The Tax Court first set forth the issues as framed by the Parties:
The novelty of valuing image and likeness led to a very large difference of opinion between the parties. The Estate reported Jackson’s image and likeness on its return as worth only $2,105. This might seem absurd when one recalls Jackson’s fame, but the Estate’s position was based on an appraisal from Moss Adams, a large and reputable accounting firm. And Moss Adams did focus entirely on the value of the Estate’s opportunity to license merchandise with Jackson’s image and likeness. It consciously abstained from valuing the cashflow from Jackson’s copyrights in his music, as both a performer and a composer. This appraisal was based on royalty statements, contracts, financial statements, and business plans. What Moss Adams discovered was that in the years before Jackson died and when he was in dire need of income, he had earned close to nothing from his image and likeness.

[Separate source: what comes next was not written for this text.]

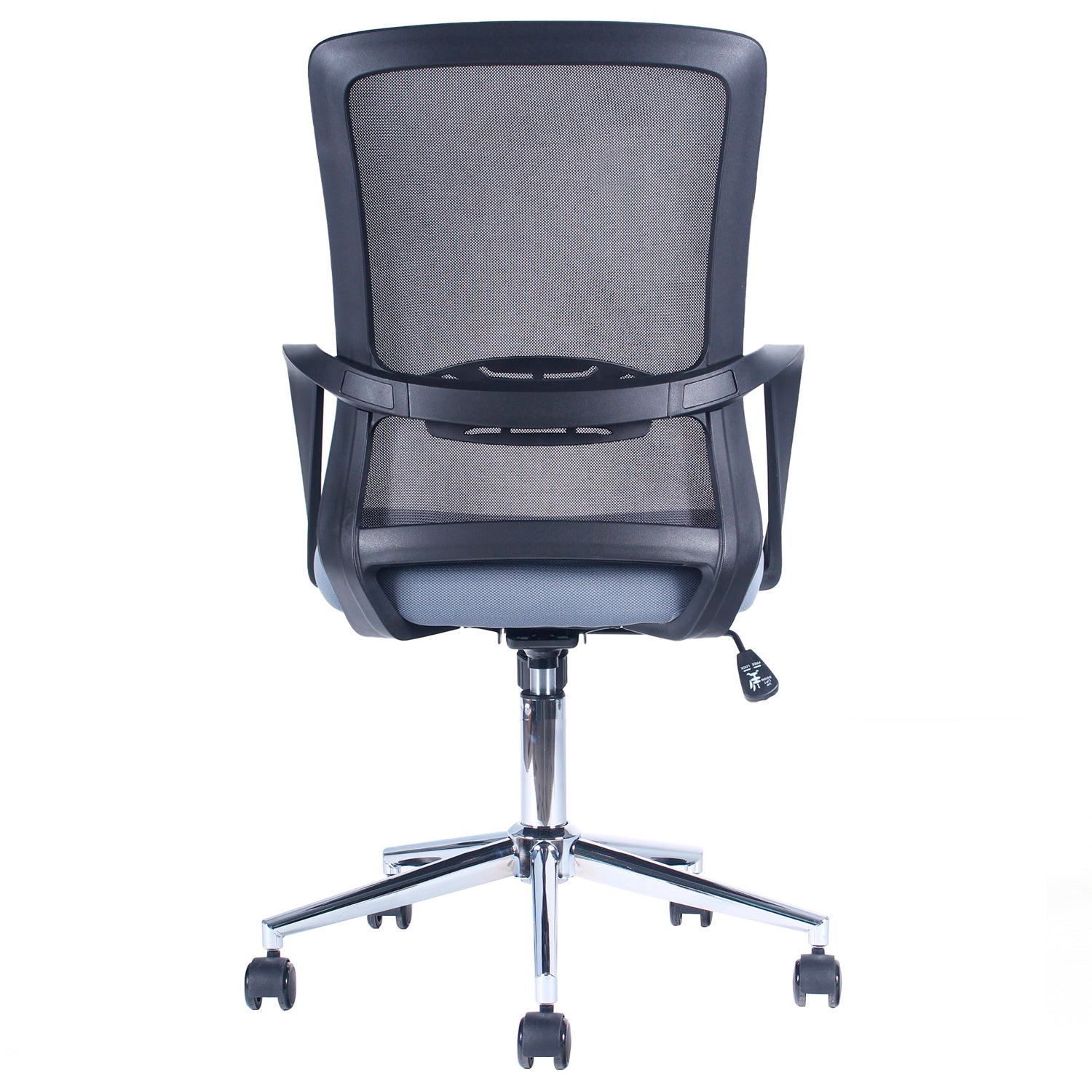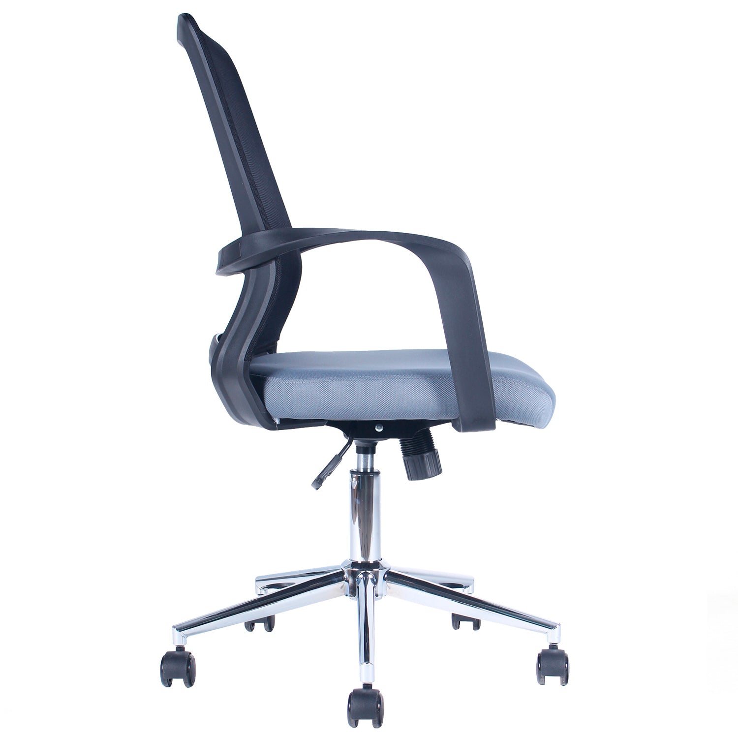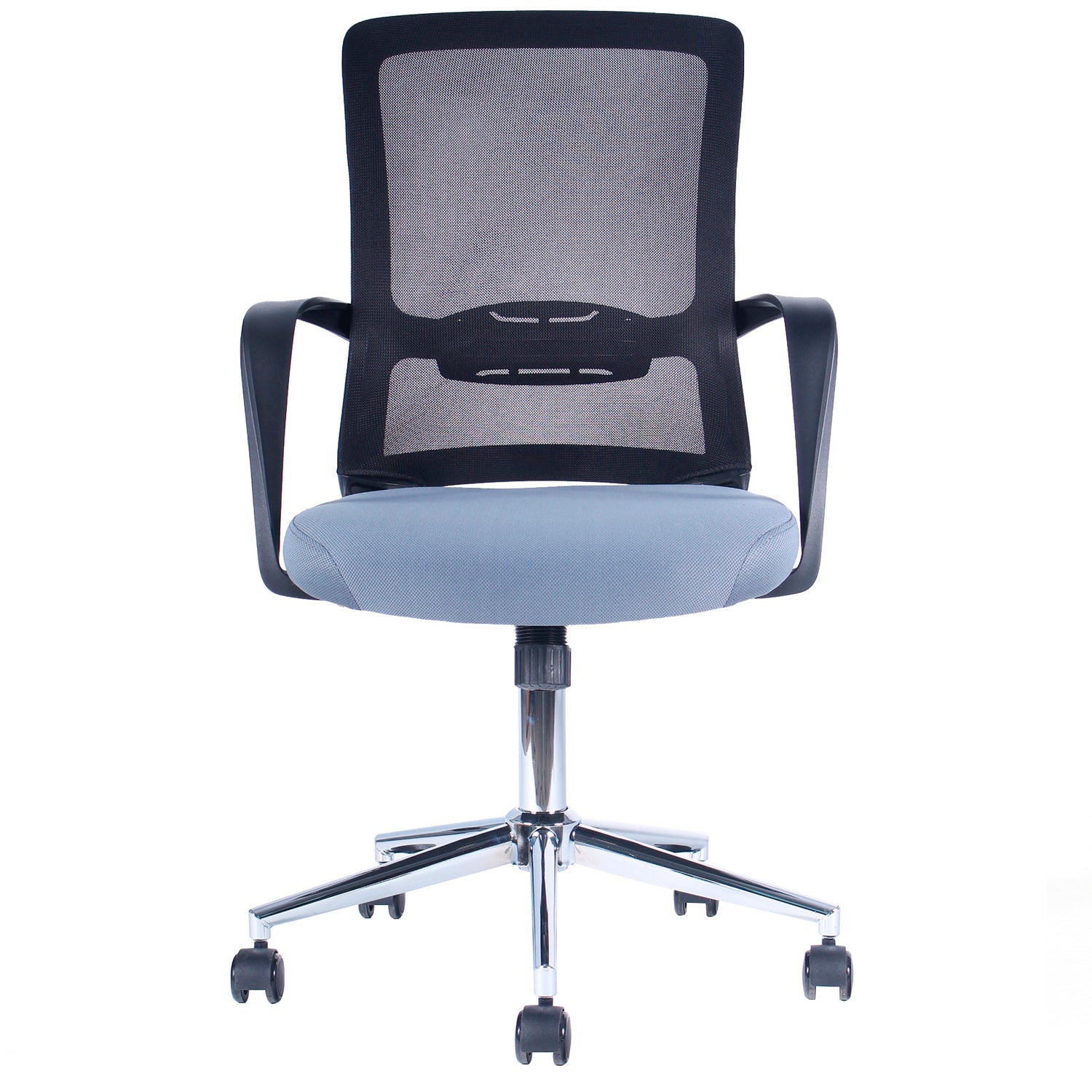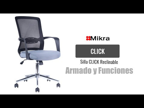 Silla modelo CLICK Reclinable. Respaldo de malla con soporte lumbar fijo. Mecanismo de reclinación simple y regulación de tensión. Apoyabrazos fijos de polipropileno. Asiento de espuma inyectada tapizado en tela azul piedra. Base de acero cromado de 620 mm con ruedas blandas de PU de 50 mm de diámetro.

This cannot be a surprise–allegations that a celebrity molested little boys might reasonably be thought to repel potential licensees in any society that has not become completely decadent. Those allegations had a dramatic effect on Jackson’s ability to win sponsorships and merchandising deals once they became public. The fact that he earned not a penny from his image and likeness in 2006, 2007, or 2008 shows the effect those allegations had, and continued to have, until his death.
With this valuation in hand, Moss Adams went to the Estate. The Estate was surprised. Moss Adams was, after all, valuing the image and likeness of one of the best known celebrities in the world–the King of Pop–at the price of a heavily used 20-year-old Honda Civic. Moss Adams nevertheless gave this valuation to the Estate to rely on for the estate-tax return.
The Estate’s appraisal expert came up with a value of ROP at $161 million for the trial based on the many opportunities to monetize his ROP.
The Tax Court rejected the IRS’s expert’s opinion because the expert apparently conflated ROP with the Estate’s copyright assets, which are protected under Federal law as separate assets and should have been valued as such. As explained by the Tax Court:
The Commissioner would have us value Jackson’s image and likeness to include U.S. trademarks, state or common-law trademarks, copyrights, licensing rights, endorsement rights, franchising rights, and international trademarks. That’s not how that right is defined by California law.
Did Jackson’s Personal Life Reduce the Value of his ROP?
Yes. The Tax Court throughout its opinion focused on the legal and moral issues clouding Jackson’s reputation, and this seemed to be the primary reason for valuing the ROP of one of the most famous people in the world.
And there is the same problem that lurks everywhere in our analysis of the value of Jackson’s image and likeness–his poor reputation other than as an entertainer. Any projection that finds a torrent of revenue, and not just a trickle, from such a man’s image and likeness–especially one who in the last two years of his life was so unpopular he did not even have a Q score–is simply not reasonable.
[A Q score is the measure of the familiarity and appeal of a brand or celebrity.]